如何乘以 2 个大数字作为字符串（以前的幻想添加了 2 个字符串）？ C

Question

verylong multiply_verylong(verylong vl1, verylong vl2)'verylong defines as typedef char* verylong'

{

size_t maxln, minln;
int carry=0, placeSaver=1, i, k ,sum=0,dif,newln,newln2,ln1,ln2;
verylong newNum , maxVl,minVl,tempvl,addvl;
ln1 = strlen(vl1); // 'length of first str'
ln2 = strlen(vl2);'length of second str'

if (ln1 >= ln2)
{


    maxln = ln1;
    minln = ln2;
    maxVl = (verylong)calloc(maxln + 1, sizeof(char));
    assert(maxVl);
    minVl = (verylong)calloc(minln + 1, sizeof(char));
    assert(minVl);
    strcpy(maxVl, vl1); 
    strcpy(minVl, vl2);
    dif = maxln - minln;
}


else 'stops debuging here'
{

    maxln = ln2;
    minln = ln1;
    maxVl = (verylong)calloc(maxln + 1, sizeof(char));
    assert(maxVl);
    minVl = (verylong)calloc(minln + 1, sizeof(char));
    assert(minVl);
    strcpy(maxVl, vl2);
    strcpy(minVl, vl1);
    dif = maxln - minln;
}

newln = 2 * maxln + 1; 'maximum length of new  required string'
newln2 = newln - 1; 'the index of the new string'

newNum = (verylong)calloc(newln,sizeof(char)); 
addvl = (verylong)calloc(newln, sizeof(char));
tempvl = (verylong)calloc(newln, sizeof(char));
for (i = minln - 1; i >= 0; i--) ' elementry school multiplication'
{


    for (k = maxln - 1; k >= 0; k--)
    {

        sum = ((minVl[i] - '0')*(maxVl[k] - '0')*placeSaver)+carry;
        if (sum >= 10)
            carry = sum / 10;
        if (k == 0)
            newNum[newln2] = '0' + sum;
        else
            newNum[newln2] = '0' + sum%10;
    newln2--;

    }


    placeSaver*=10; 
    addvl=add_verylong(newNum,tempvl);'sending the 2 strings to a previous function that adds 2 strings'
    strcpy(tempvl, addvl);


}


return addvl;

}

void main() {

char vl1[80], vl2[80];
printf("enter  large number\n"); 
gets(vl1);
printf("enter  large number\n");
gets(vl2);
verylong res = multiply_verylong(vl1, vl2);'saves the string  '
printf("%s", res);
free(res);

}

I tried to multiply the first digit of the first number from right with all of the digits from the second number moving forward to the second digit of the first number and then to multiply the placesaver by 10 .

***

• the problem is that the code outputs usually nothing and sometimes just inccorect result

---

***

Answer 1

Your approach is basically right, but there are some mistakes in the implementation.

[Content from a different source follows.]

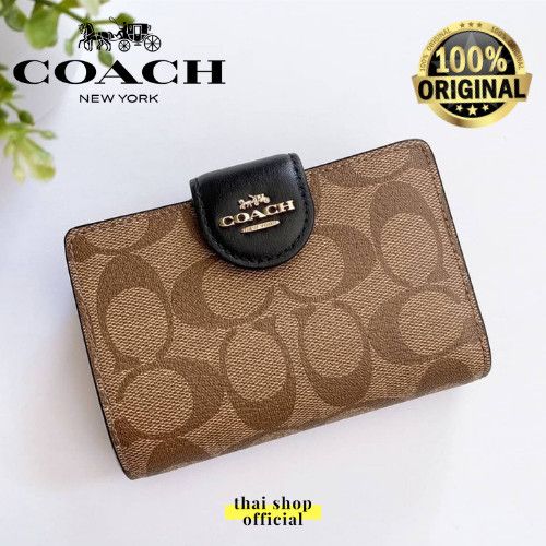 Tas Wanita COACH Medium Corner Zip Wallet Signature Khaki Black

• You allocate space for addvl , but overwrite that pointer later with the return value of add_verylong() . This gives a memory leak. Further memory leaks are produced by not freeing tempvl , maxvl , minvl and newNum .
• You forgot to initialize tempvl to the number "0" .
• We cannot shift the intermediate product by multiplying each digit with the power of ten placeSaver . What we can do is place 0 digits to the right of the product newNum .
• You failed to correctly set carry in each loop cycle.
• You missed that even the leftmost digits can produce a carry .

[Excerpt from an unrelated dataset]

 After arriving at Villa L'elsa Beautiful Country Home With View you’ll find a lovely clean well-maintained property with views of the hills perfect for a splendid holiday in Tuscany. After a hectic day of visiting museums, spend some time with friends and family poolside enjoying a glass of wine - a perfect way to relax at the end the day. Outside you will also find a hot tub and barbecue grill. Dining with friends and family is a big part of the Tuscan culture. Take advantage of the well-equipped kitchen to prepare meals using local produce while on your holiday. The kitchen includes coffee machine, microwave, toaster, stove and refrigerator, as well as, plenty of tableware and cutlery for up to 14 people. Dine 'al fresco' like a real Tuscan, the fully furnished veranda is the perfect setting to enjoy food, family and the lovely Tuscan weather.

This code has the mentioned mistakes corrected:

    newNum = calloc(newln, sizeof(char)); 
    // do not allocate space for addvl - it would be lost
    tempvl = malloc(newln);
    strcpy(tempvl, "0");    // don't forget to initialize tempvl to "0"
    for (i = minln - 1; i >= 0; i--)    // elementry school multiplication
    {
        newln2 = newln - 1; // the index of the new string
        for (carry = 0, k = maxln - 1; k >= 0; k--) // clear carry before each loop
        {
            sum = (minVl[i] - '0')*(maxVl[k] - '0') + carry;
            carry = sum/10;
            newNum[--newln2] = '0' + sum%10;
        }
        if (carry) newNum[--newln2] = '0' + carry;
        addvl = add_verylong(newNum+newln2, tempvl);    // number starts at +newln2
        free(tempvl);                                   // free obsolete number
        tempvl = addvl;                                 // rather than strcpy()
        newNum[--newln-1] = '0';                        // instead of placeSaver*=10
    }
    free(maxVl), free(minVl), free(newNum);
    return addvl;

It works for the example multiply_verylong("23345", "34565") , but you should do further tests.